The 59-year-old perennial volunteer is usually the guy who does all the cheering for others.
Over the years, Kahn has run school concession stands and has organized races and fund-raising auctions for school athletic programs, B’nai B’rith, health-related charities and a softball team playing in the Maccabi Games. He’s also been a regular spectator at high school sporting events long after his two children graduated.
His commitment to others motivated his now-grown children to nominate their dad as an honorary torchbearer — and likely was the reason Kahn was selected as one of 11,500 people nationwide to carry the Olympic flame as it heads to Salt Lake City on Feb. 8.
“This is probably one of the best things that can really happen to you,” says Kahn, who was moved to tears when he learned that he had been chosen, noting, “It is an honor.”
Kahn, who moved four years ago to Sonoma County from Canoga Park near Los Angeles, figures that over the years he has logged anywhere from 20 to 40 hours weekly in various volunteer functions. While living in Southern California, he served as president of the Woodland Hills B’nai B’rith and its San Fernando council, and was a board member at his local synagogue.
Currently, his energy is largely focused on running the concession stands for the Windsor High School booster club and helping with efforts to raise $250,000 to build a school football field. What makes his work even more extraordinary is the fact that Kahn has no children on the teams or even at the school.
“I believe in getting involved,” he explains simply. Kahn says a model for his service to others came from his father, who ran the family grocery store in a tiny town called Mikado, Mich., and organized the volunteer fire department there. In the only Jewish family in town, Kahn traveled 35 miles each way to the closest synagogue for Hebrew-school lessons.
Both of his own children, 27-year-old Cyndi and 30-year-old Jeremy, wrote separate letters proposing their dad as an honorary torchbearer. Carrying the Olympic flame had been a dream of Kahn’s ever since he watched the symbolic relay pass near his L.A.-area house in 1984.
“I’m a little nervous. I’m very excited,” he confesses. Kahn said a contingent of family and friends will be on hand to watch while he carries the torch for the quarter-mile leg.
A former board member at Santa Rosa’s Congregation Beth Ami, Kahn works as a clerk at Bell Market in Marinwood. When customers learn that he’ll be a torchbearer, “I’ve got people shaking my hand,” he says.

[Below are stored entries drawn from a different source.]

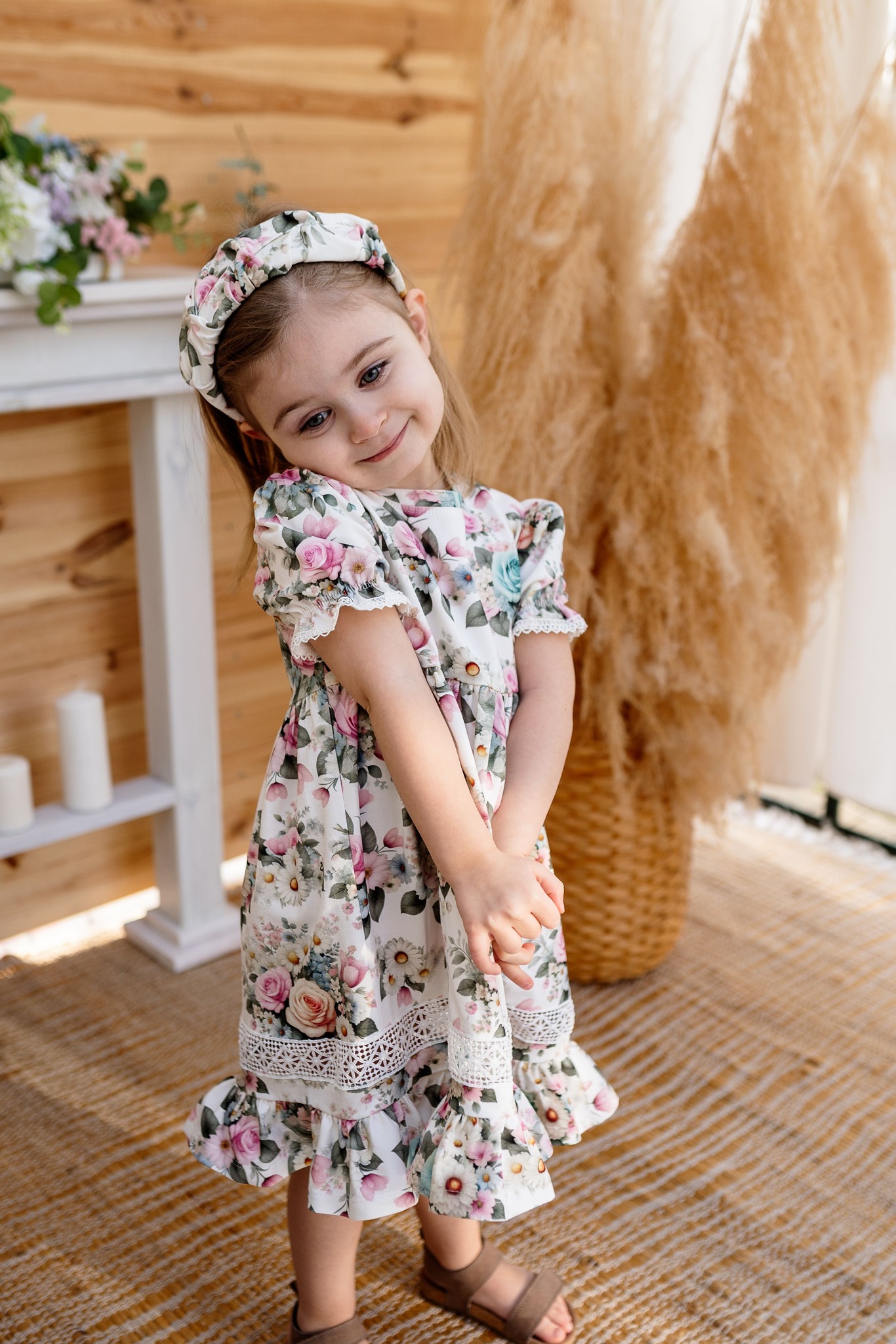 ✨ Detailid: Kaunid lillemustrid, volangid ja pitskaunistused, mis lisavad armsust ja ajatut elegantsi.
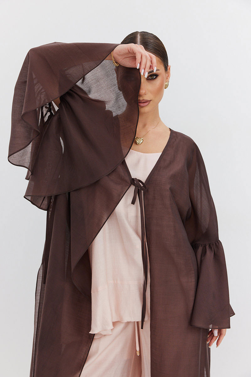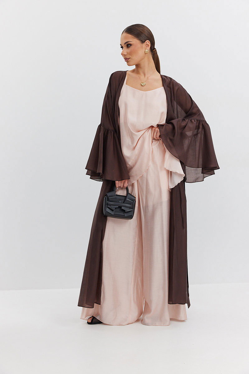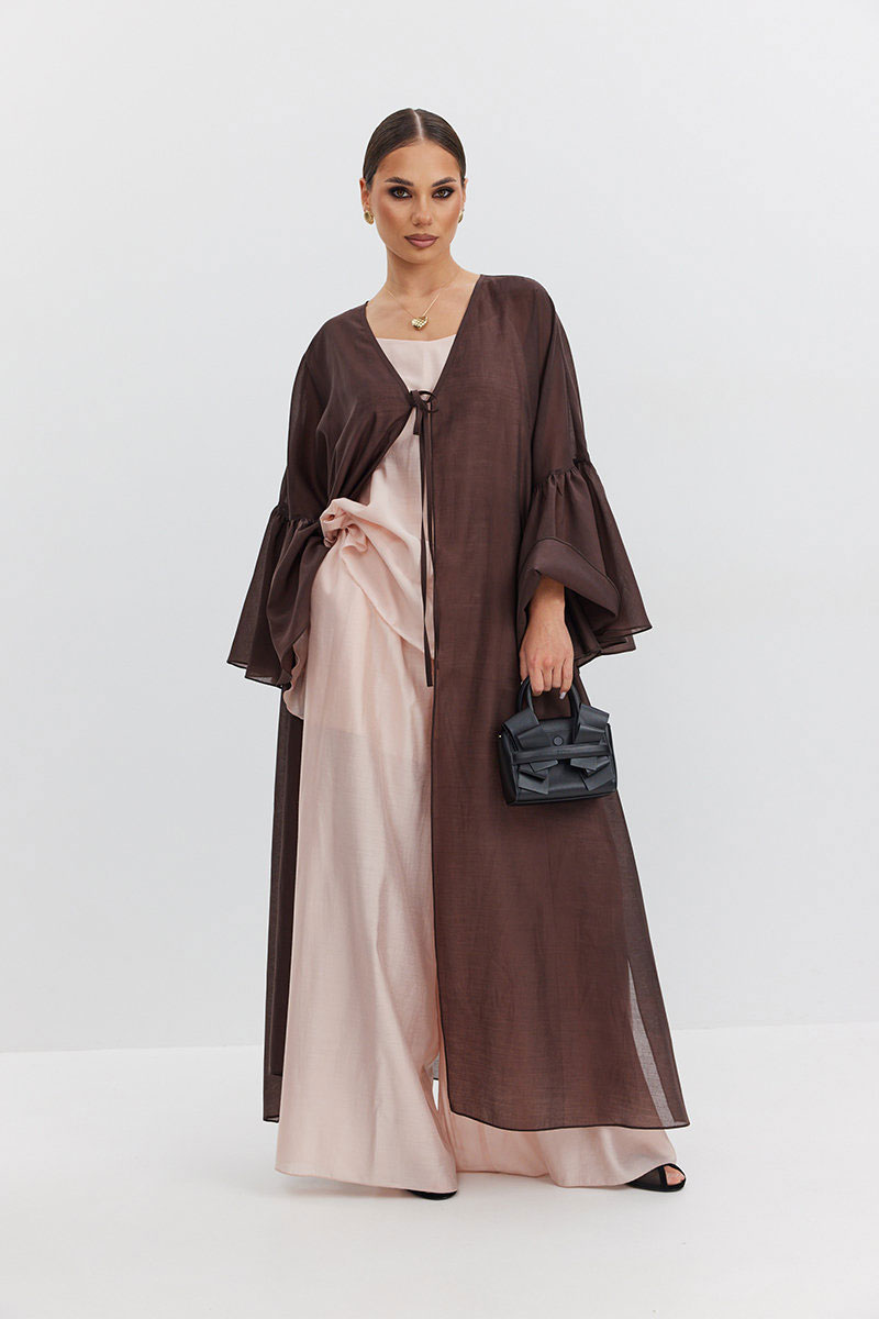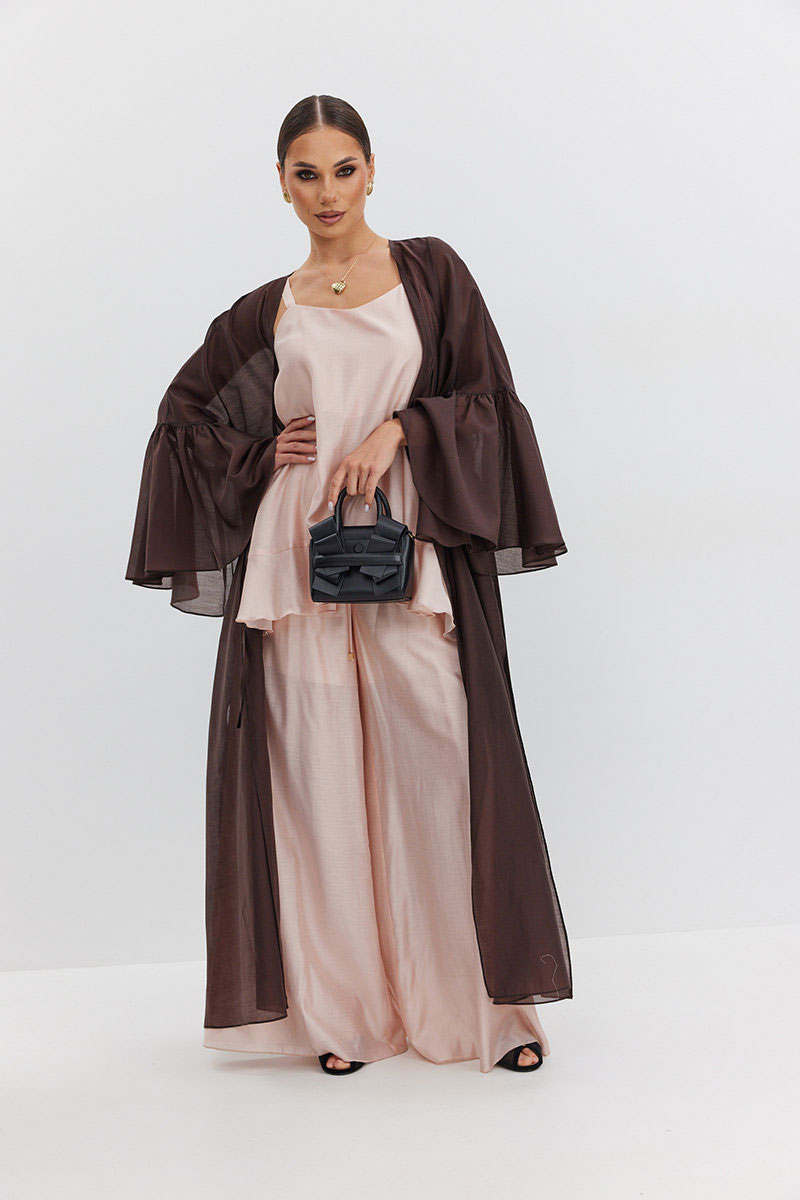 горловины плавной формы, обработан окантовками, переходящими в завязки по переду. Рукав спущенный, с широким собранным воланом по низу. По боковым швам выполнены высокие разрезы.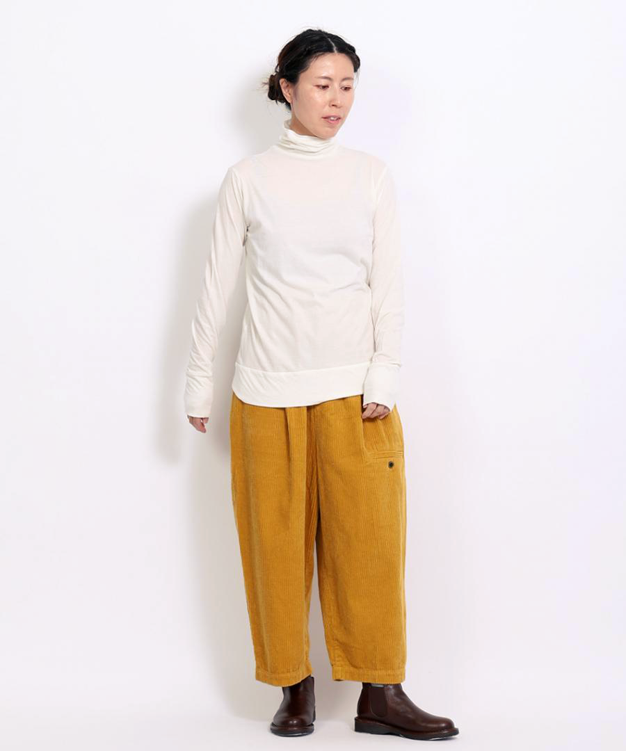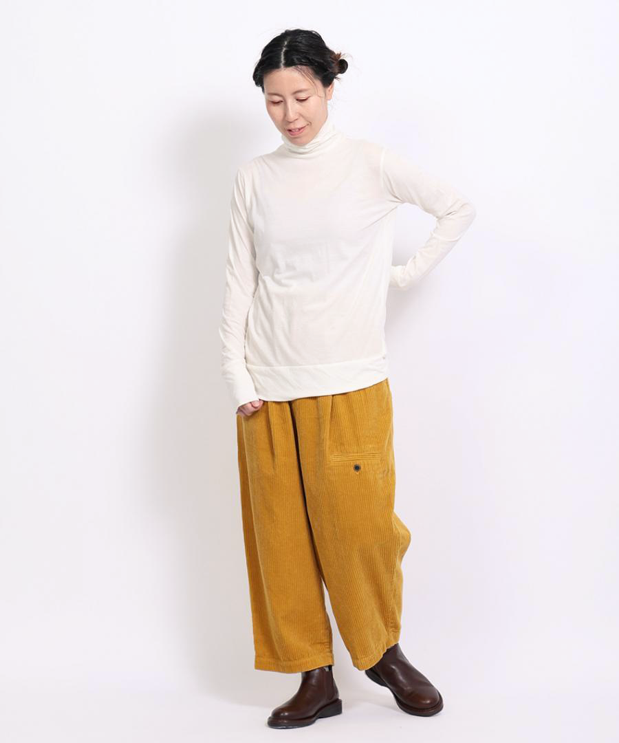 1枚でも重ね着でも着回し万能なおすすめタートルカットソーです。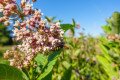 A Duna-réten is terjed az inváziós fajnak számító vaddohány vagy másnéven selyekmkóró, ami egyébként jó mézelő. Itt épp egy mediterrán tőrösdarázs kóstolgatja.

Activism often leads to long days for Kahn, who works 32 hours a week at the supermarket.
In Windsor, he is a regular fan at school football, basketball and baseball games as well as wrestling matches. “People who don’t know me ask, ‘Which one is my kid?'” he says. When he explains that none of them is, people will ask him why he’s there. To that, Kahn replies, “I’m doing it for the kids. It gives them pride to know that people really like them and respect what they’re doing.”
Kahn says he also goes to make up for the many parents who never attend their children’s sporting events.
When he lived in Canoga Park, Kahn became such a regular fixture at the local high school that he had his own set of keys to the school and an assigned spot in the parking lot. “My wife, if she wanted me, she’d call the school,” he says.
Several years ago, he had a friend who coached a championship softball team that played in the Maccabi Games. Though Kahn himself never attended the event, he organized three Chanukah runs that raised about $5,000 each to support the squad.
Active for almost 25 years in B’nai B’rith in Southern California, Kahn helped with that organization’s fund-raisers as well.
“I just like doing it,” he says. “If somebody needs something, I’ll try to help.”